Extracted data entries
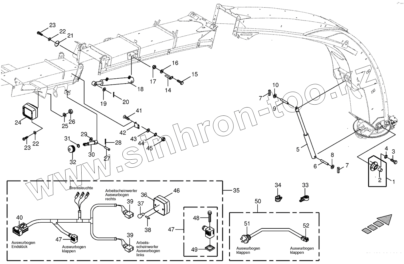 Каталог запасных частей к технике: KRONE BIG-X-500. Upper discharge chute-mounting parts 14-row
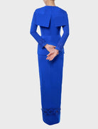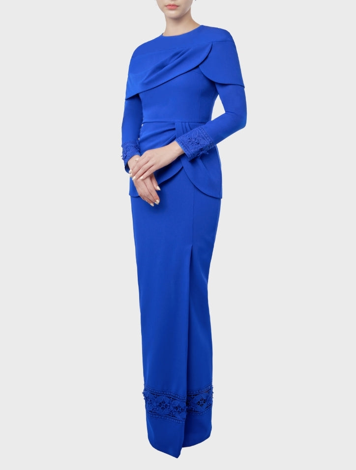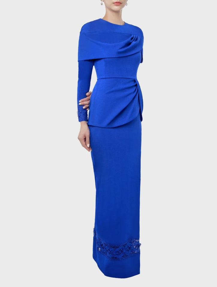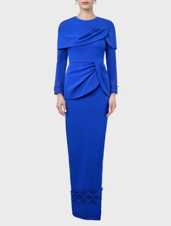 Zaihani in Royal Blue is graceful and refined, featuring a round neckline with a draped cape detail. The overlap drape peplum creates a flattering silhouette, while long sleeves with delicate fagotting lace add subtle intricacy. Finished with a hidden back zip and hook fastening, it offers a polished, effortless look.
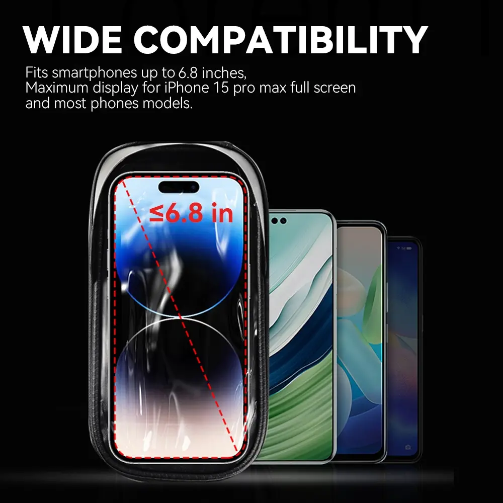 Wide Phone Compatibility – Fits devices up to 6.8" including iPhone 15 Pro Max and most Android smartphones.
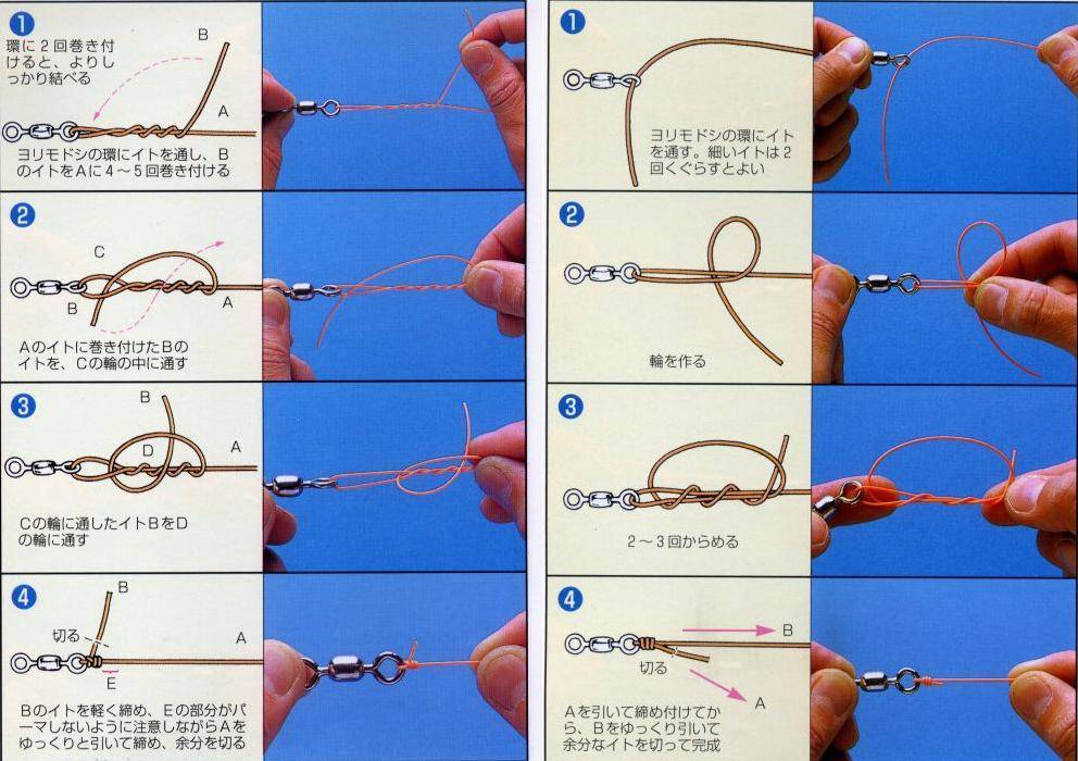 К данной группе относятся узлы, плотно охватывающие колечко и на нем же затягивающиеся. Они компактны, просты, пригодны при любых оснастках, но особенно хороши на тонких лесках. Их много, поэтому рассмотрим лишь два наиболее распространенных и несложных в исполнении.
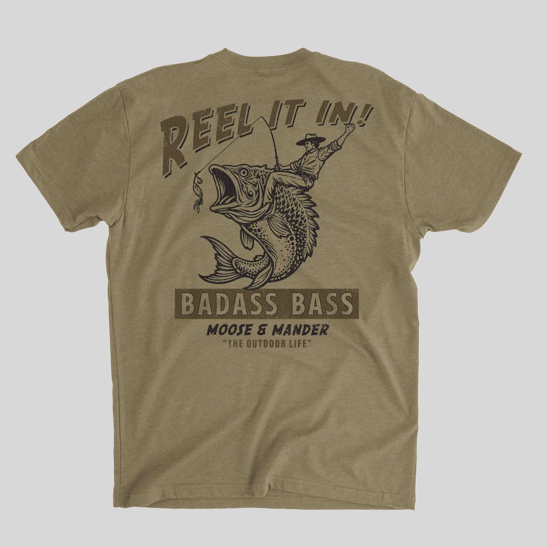Statement Piece: “REEL IT IN! BADASS BASS – Moose & Wander, The Outdoor Life” graphic on the back.
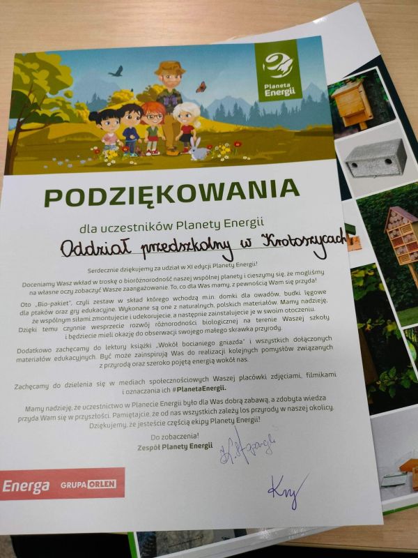 Oddział przedszkolny z naszej szkoły wziął udział w projekcie edukacyjnym organizowanym przez ENERGĘ z grupy ORLEN.
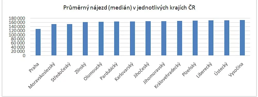 S velkým náskokem co do počtu nájezdu inzerovaných vozů vládne této statistice Praha. Zde nejčastější nájezd činí 128 454 km. Druhé místo zaujímají shodně kraje Středočeský a Moravskoslezský se 152 000 km, čtvrté místo náleží Zlínskému kraji (162 000 km). Na opačném konci jsou kraje Liberecký (169 837 km), Ústecký (170 750 km) a Vysočina (171 000 km).
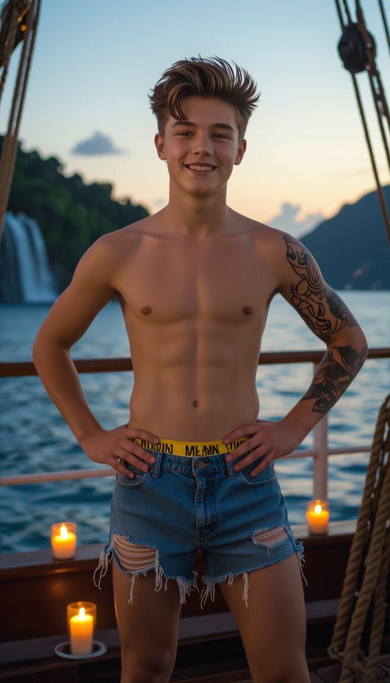A striking image of a stylish 16-year-old boy on a ship deck at night. The dramatic lighting and romantic backdrop create a cinematic atmosphere, evoking a film noir aesthetic.
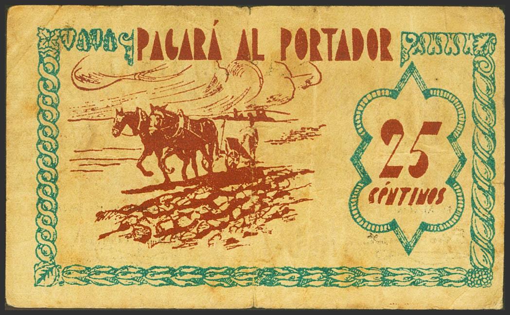 CONSEJO MUNICIPAL DE ALGEMESI (VALENCIA). 25 Céntimos. (1937ca). Serie A. (González: 475). MBC-.
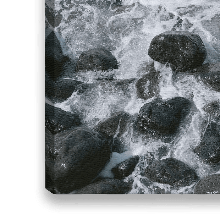 Liggende close-up foto van wilde golven en donkere stenen. Abstracte natuurfoto met contrast tussen het zeewater en de stenen op de bodem.
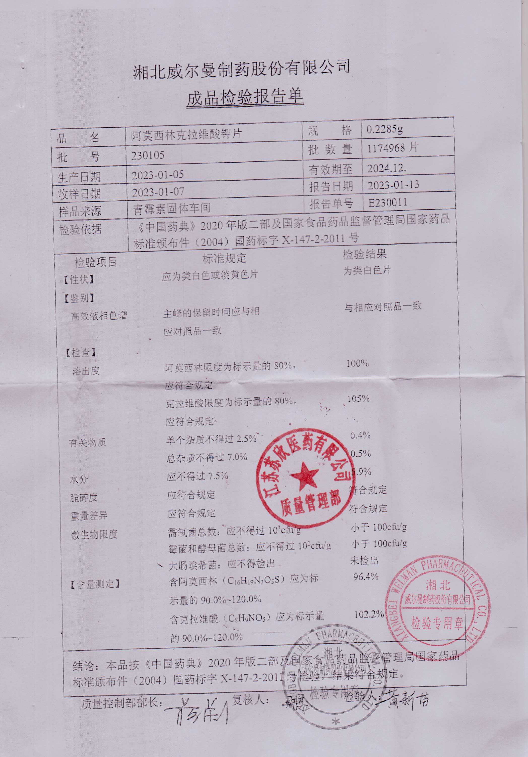 阿莫西林克拉维酸钾片230105

WORK REQUIRED: Apart from the pictures, which are to be omitted, every record must be transcribed exactly.

WRITTEN ANSWER:
 Каталог запасных частей к технике: KRONE BIG-X-500. Upper discharge chute-mounting parts 14-row
 Zaihani in Royal Blue is graceful and refined, featuring a round neckline with a draped cape detail. The overlap drape peplum creates a flattering silhouette, while long sleeves with delicate fagotting lace add subtle intricacy. Finished with a hidden back zip and hook fastening, it offers a polished, effortless look.
 Wide Phone Compatibility – Fits devices up to 6.8" including iPhone 15 Pro Max and most Android smartphones.
 К данной группе относятся узлы, плотно охватывающие колечко и на нем же затягивающиеся. Они компактны, просты, пригодны при любых оснастках, но особенно хороши на тонких лесках. Их много, поэтому рассмотрим лишь два наиболее распространенных и несложных в исполнении.
Statement Piece: “REEL IT IN! BADASS BASS – Moose & Wander, The Outdoor Life” graphic on the back.
 Oddział przedszkolny z naszej szkoły wziął udział w projekcie edukacyjnym organizowanym przez ENERGĘ z grupy ORLEN.
 S velkým náskokem co do počtu nájezdu inzerovaných vozů vládne této statistice Praha. Zde nejčastější nájezd činí 128 454 km. Druhé místo zaujímají shodně kraje Středočeský a Moravskoslezský se 152 000 km, čtvrté místo náleží Zlínskému kraji (162 000 km). Na opačném konci jsou kraje Liberecký (169 837 km), Ústecký (170 750 km) a Vysočina (171 000 km).
A striking image of a stylish 16-year-old boy on a ship deck at night. The dramatic lighting and romantic backdrop create a cinematic atmosphere, evoking a film noir aesthetic.
 CONSEJO MUNICIPAL DE ALGEMESI (VALENCIA). 25 Céntimos. (1937ca). Serie A. (González: 475). MBC-.
 Liggende close-up foto van wilde golven en donkere stenen. Abstracte natuurfoto met contrast tussen het zeewater en de stenen op de bodem.
 阿莫西林克拉维酸钾片230105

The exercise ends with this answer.